(de Ware Tijd) PARAMARIBO – A Gross Domestic Product (GDP) estimated at US$ 4.6 billion for this year means Suriname’s per capita income will be US$ 9,200, or SRD 27,500. This is 1,000 dollars more than the current figure President Bouterse presented in his annual address to Parliament.
The National Planning Office has calculated a GDP of SRD 15 billion given the growth prospects of Suriname’s economy. Central Bank figures show that due to windfalls caused by the favorable prices for gold and oil, Suriname’s trade balance will show a surplus of around US$ 429 million by the end of this year. “This means Suriname has exported US$ 429 million more than it has imported,” Bouterse explained. The President was visibly pleased with the positive growth figures and the economic prospects for Suriname that have been forecast in recent months by international organizations and institutions. “Suriname is expected to show a constant growth of 4.5% in the coming years,” the President said.

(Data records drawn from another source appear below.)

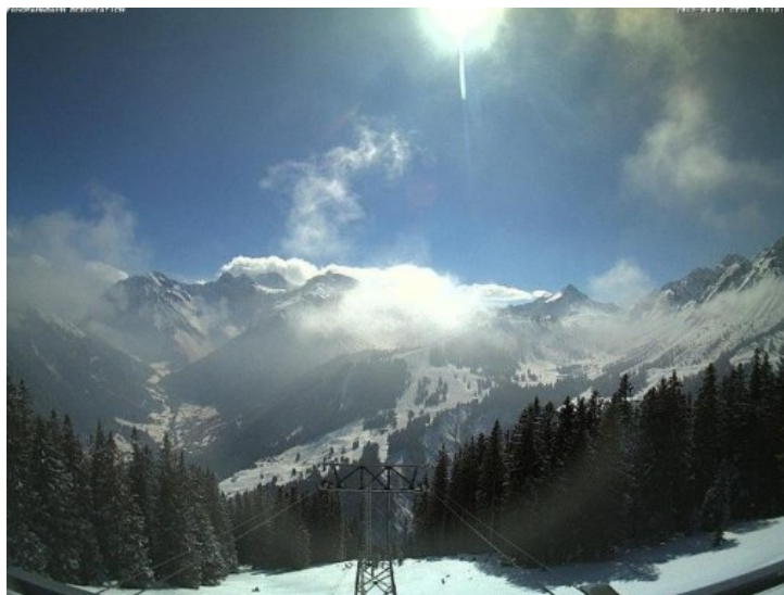
Bright skies over Brand in the Austrian Vorarlberg on Monday afternoon.

There will be little change on Wednesday and Thursday with plenty of sunshine but also some cloud at times with the risk of the odd snow shower (1200m). Friday may be more generally cloudy with the increased threat of showers. However, no significant snow is expected at this stage.
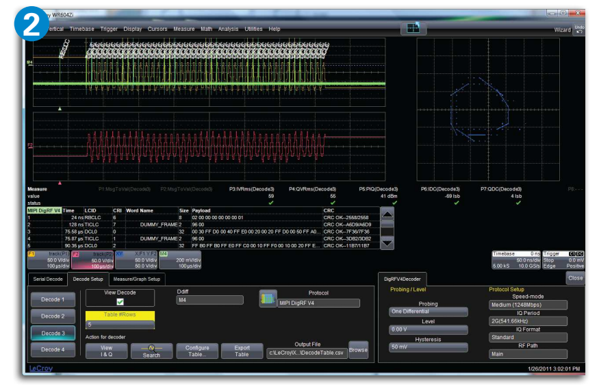
DigRF v4 Constellation diagram shows information such as gaussian noise, Phase noise, and attenuation.
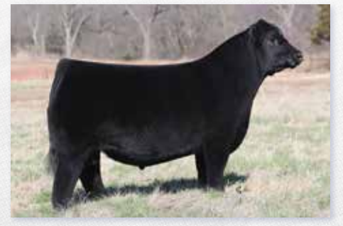
GATEWAY FOLLOW ME F163 MATERNAL BROTHER TO LOT 51
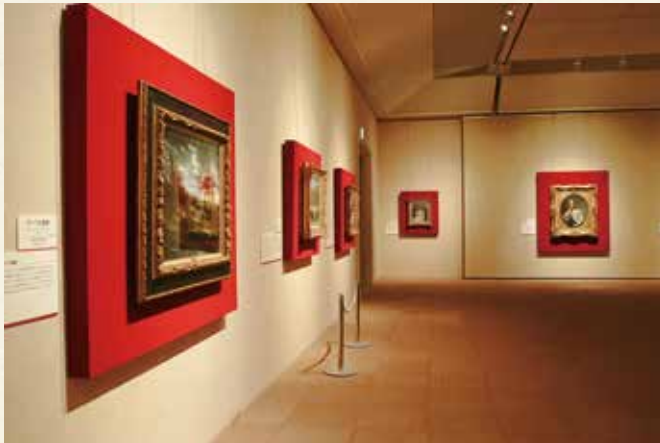
Western Paintings Exhibition Room
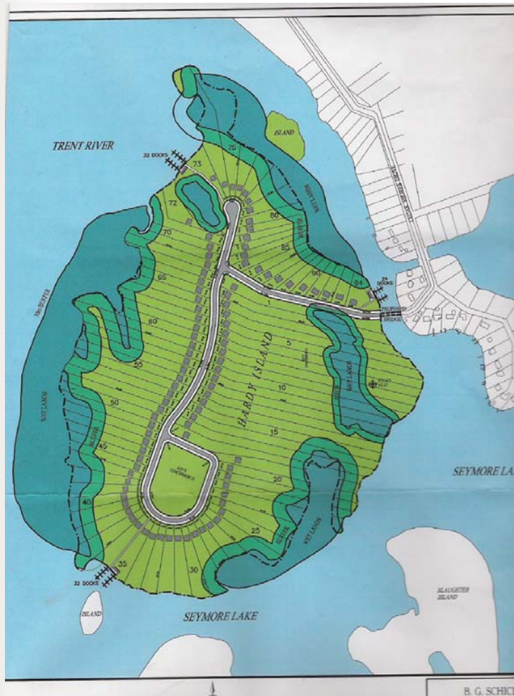
Schickedanz concept plan.
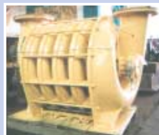
▶ Blower Reconditioning
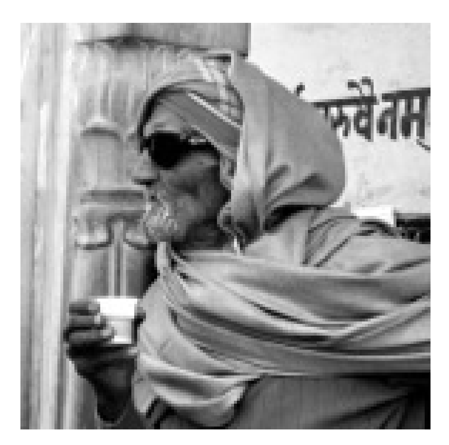
Cool guy, 50 \times 33 \text{ cm} . Archival print mounted on aluminium
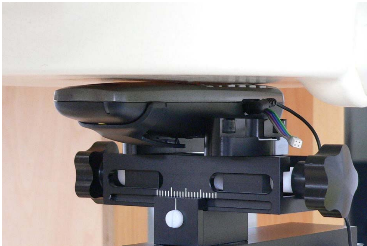
Fig.22: Body worn, antenna 1 or antenna 2, with belt clip and headset, display towards the phantom.
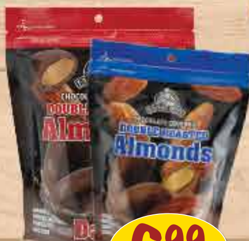
Farm Boy™ Chocolate Covered Double Roasted Almonds all varieties, 275 g
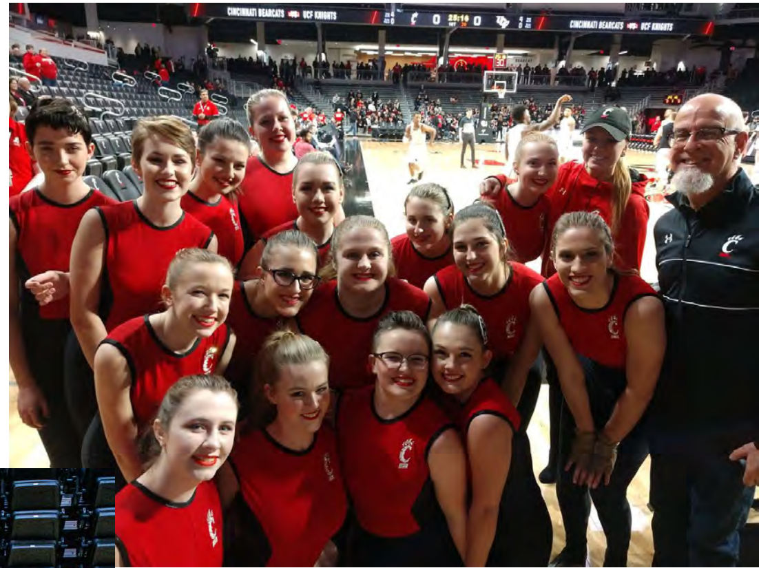
Above: 2020 UC Winter Guard

The UC Marching Band has a contemporary Color Guard section and featured twirlers. Both units require annual auditions.

The end of Dutch development aid has turned out not to be a loss, as the government has managed to cover its operational costs with its current revenues. In late June, the total national debt amounted to 27.5% of GDP and foreign currency reserves have grown to US$ 950 million. “And then there’s a country that wants to give us 8 million Euros,” Bouterse joked, a reference to the remaining Dutch development aid that was frozen after his Cabinet took office.